This set of regulations is part of the Government’s secondary legislation programme implementing the Economic Crime and Corporate Transparency Act 2023, which I will refer to hereafter as the 2023 Act. The 2023 Act is a crucial tool in supporting the Government’s aim to combat economic crime, improve corporate transparency and increase trust in the UK’s business environment. It delivers the most significant reforms to Companies House in more than 180 years. It was brought in by the previous Government, but we are pleased to carry on implementing its provisions. Companies House has already made significant progress in implementing the reforms since the 2023 Act became law, including by removing false and misleading data. For example, from 4 March 2024 to 31 July 2025, Companies House removed 113,300 registered office addresses, 88,000 officer addresses and 71,000 PSC—persons with significant control—addresses.
April this year saw Companies House launch its identity verification service. Hundreds of thousands of individuals have already successfully verified their identities. Reaching that major milestone has ensured that both customers and Companies House are ready for the introduction of mandatory identity verification in November. Identity verification is the centrepiece of the Companies House reforms. The statutory instruments before the Committee today will support the delivery of identity verification, and include other technical reforms that relate to the PSC framework.

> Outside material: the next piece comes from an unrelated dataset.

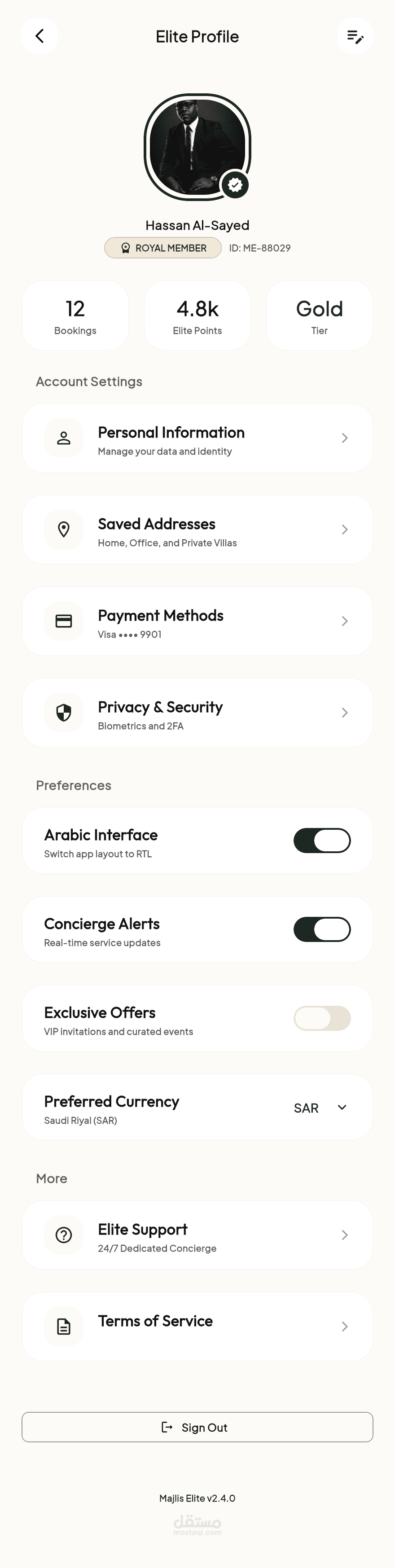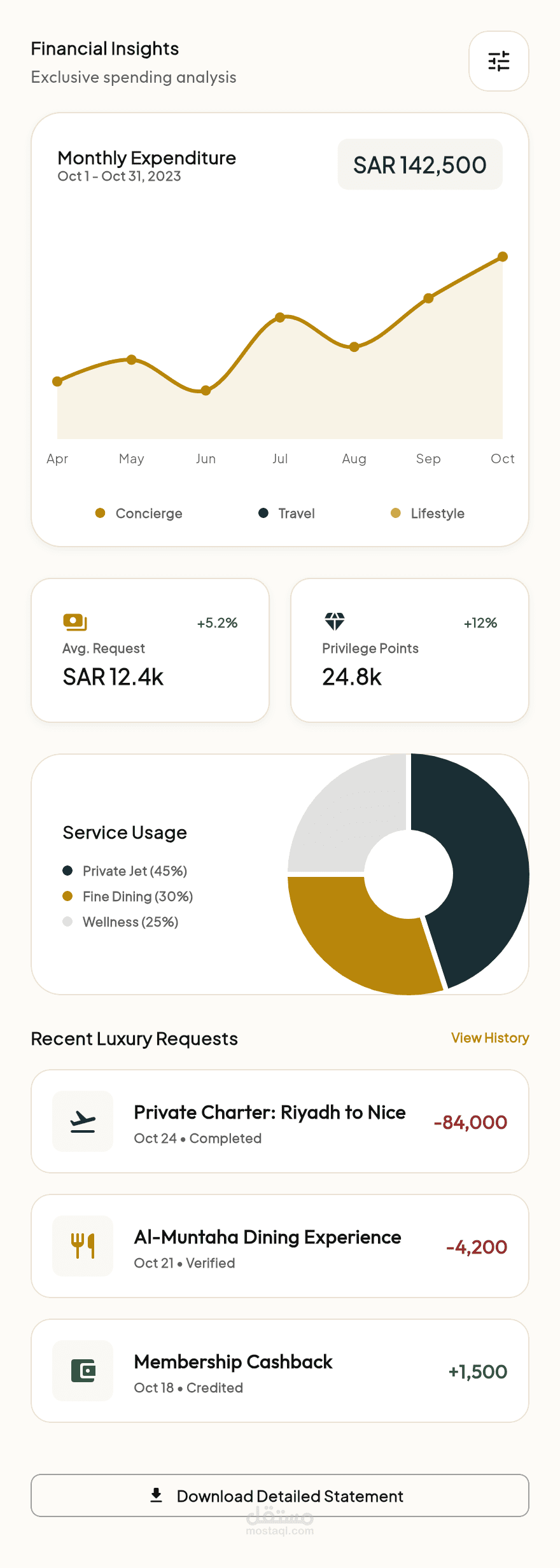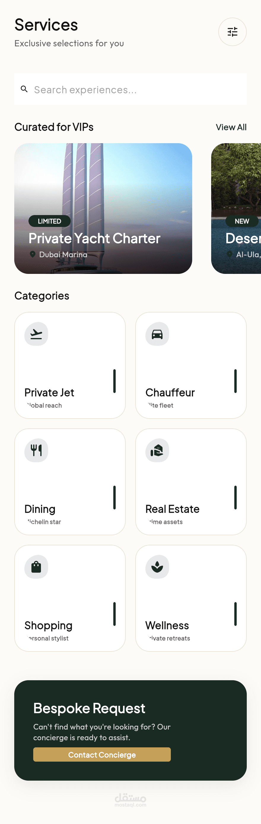 Designed and architected a premium mobile application for luxury lifestyle and concierge services tailored to the Gulf market. Led the product vision, mobile user experience strategy, full-stack solution planning, and data-driven service flow design to create a refined digital experience for high-value users. Built a mobile-first platform focused on premium booking journeys, personalized services, seamless communication, membership features, and elegant visual presentation. The final product concept combined Arabic-first usability, executive-level aesthetics, operational efficiency, and intelligent user experience into one high-end mobile solution.

First, the draft Limited Liability Partnerships (Application and Modification of Company Law) Regulations 2025 apply several of the reforms to companies contained in the 2023 Act to limited liability partnerships, or LLPs. In particular, the instrument introduces identity verification for LLP members and PSCs, and prohibits disqualified directors from acting as an LLP member. It removes the requirement for LLPs to keep their own local registers of members and PSCs. Going forward, LLPs will report their member and PSC information directly to Companies House. Extending company reforms to LLPs ensures that the law applies equally across different corporate entities. Not only will that minimise opportunities for LLPs to be misused by criminals; it will ensure that both LLPs and their customers benefit from a more transparent and reliable business environment.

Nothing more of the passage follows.